**EXERCISE**
Transcribe each entry exactly; skip the images.

**EXERCISE INPUT**
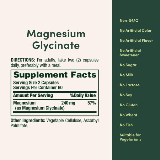 Nature’s Bounty Magnesium Glycinate (240 mg) High Absorption – 120 capsules
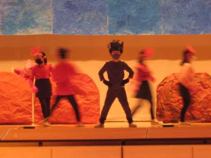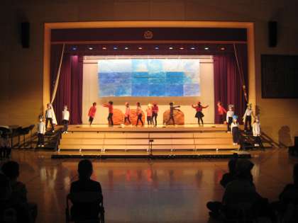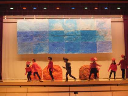 演目「スイミー」は、仲間を失ったスイミーがマグロたちに食べられることなく自由に海を泳げるように、みんなで集まって大きな魚のふりをして泳ぐことを提案しながら成長していく物語です。2年生の子どもたちは担任の先生が奏でるピアノに合わせて海の生き物たちを演じました。
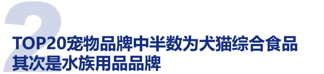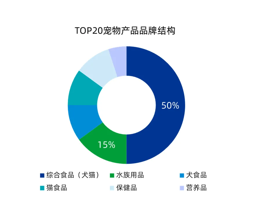 从品类来看,行业TOP20品牌中半数为综合犬猫食品品牌,其次是水族用品品牌占比15%,犬食品、猫食品、保健品(驱虫产品)品牌各占比10%,营养品品牌占比5%。
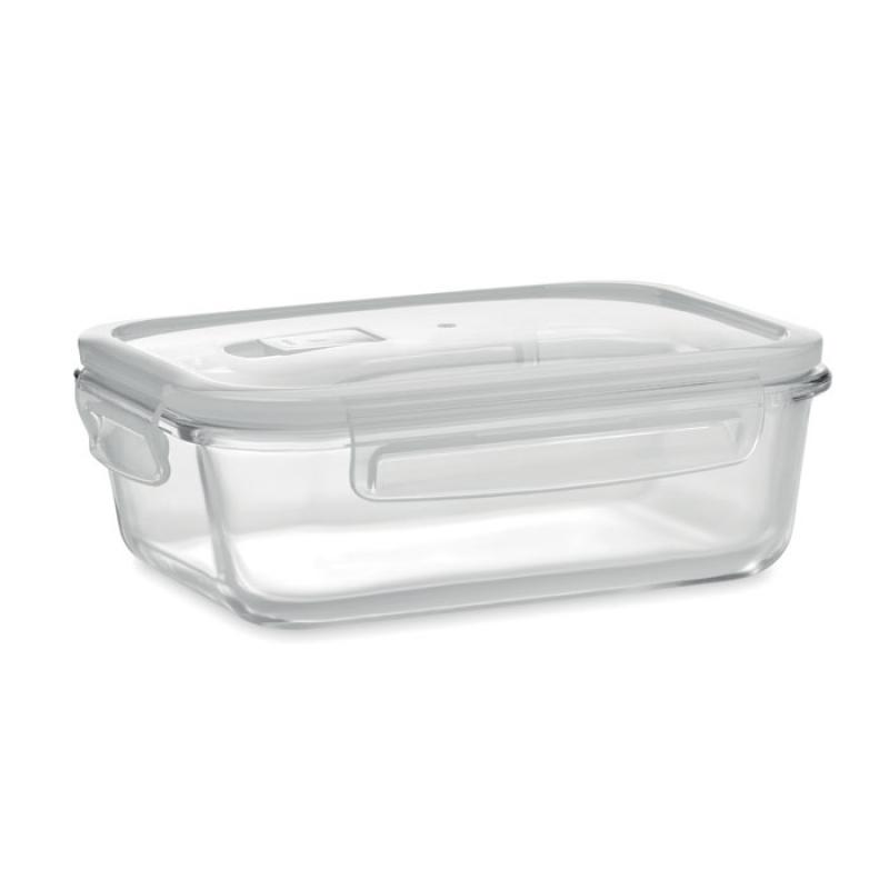 Fiambrera de vidrio borosilicato con tapa hermética en PP. Apto para microondas. Capacidad 900 ml.
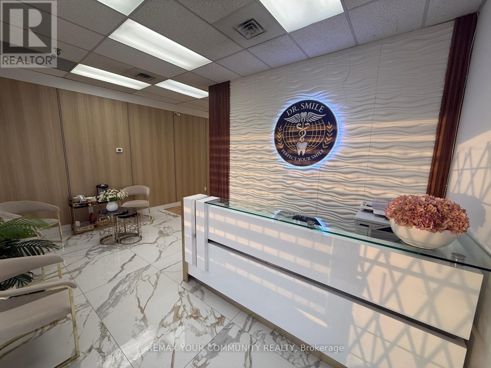 Rare find. Exceptional turnkey New 4+1 ops dental office for sale in a prime, high-demand location, fully equipped and soon to be ready for operation. This modern, professionally designed dental clinic offers a complete setup with 4+1 operatories, dental equipment, treatment rooms, sterilization area, reception and waiting lounge, private office, and all essential infrastructure for a smooth day-1 startup. As construction of the clinic is currently being completed, a buyer may have the opportunity to request reasonable modifications to renovations, or finishing details to suit their specific needs, at the buyer's cost, subject to mutual agreement. Included in the sale are existing dental equipment and leasehold improvements, featuring dental chairs, custom cabinetry, TVs, computers, sterilization cabinetry, panoramic X-ray unit, front reception desk, sec. cameras, waiting area seating, decorative wall finishes, furniture. all in place to support operation. Beautifully maintained and move-in ready, this is an outstanding opportunity for dentists, specialists, or investors seeking a fully functional, ready-to-operate dental practice. Excellent lease in place. A new lease may be arranged for a qualified buyer. Asset sale only. Seller will assist with transition to help ensure a seamless handover. An ideal opportunity for a dentist looking to establish or expand in a sought-after market. Don't miss this rare offering.Lots of Free Visitors parking. Buyer has the option to purchase in AS IS condition (current unfinished condition) at discounted price to be negotiated. (id:43681)

**RESPONSE TO THE EXERCISE**
 Nature’s Bounty Magnesium Glycinate (240 mg) High Absorption – 120 capsules
 演目「スイミー」は、仲間を失ったスイミーがマグロたちに食べられることなく自由に海を泳げるように、みんなで集まって大きな魚のふりをして泳ぐことを提案しながら成長していく物語です。2年生の子どもたちは担任の先生が奏でるピアノに合わせて海の生き物たちを演じました。
 从品类来看,行业TOP20品牌中半数为综合犬猫食品品牌,其次是水族用品品牌占比15%,犬食品、猫食品、保健品(驱虫产品)品牌各占比10%,营养品品牌占比5%。
 Fiambrera de vidrio borosilicato con tapa hermética en PP. Apto para microondas. Capacidad 900 ml.
 Rare find. Exceptional turnkey New 4+1 ops dental office for sale in a prime, high-demand location, fully equipped and soon to be ready for operation. This modern, professionally designed dental clinic offers a complete setup with 4+1 operatories, dental equipment, treatment rooms, sterilization area, reception and waiting lounge, private office, and all essential infrastructure for a smooth day-1 startup. As construction of the clinic is currently being completed, a buyer may have the opportunity to request reasonable modifications to renovations, or finishing details to suit their specific needs, at the buyer's cost, subject to mutual agreement. Included in the sale are existing dental equipment and leasehold improvements, featuring dental chairs, custom cabinetry, TVs, computers, sterilization cabinetry, panoramic X-ray unit, front reception desk, sec. cameras, waiting area seating, decorative wall finishes, furniture. all in place to support operation. Beautifully maintained and move-in ready, this is an outstanding opportunity for dentists, specialists, or investors seeking a fully functional, ready-to-operate dental practice. Excellent lease in place. A new lease may be arranged for a qualified buyer. Asset sale only. Seller will assist with transition to help ensure a seamless handover. An ideal opportunity for a dentist looking to establish or expand in a sought-after market. Don't miss this rare offering.Lots of Free Visitors parking. Buyer has the option to purchase in AS IS condition (current unfinished condition) at discounted price to be negotiated. (id:43681)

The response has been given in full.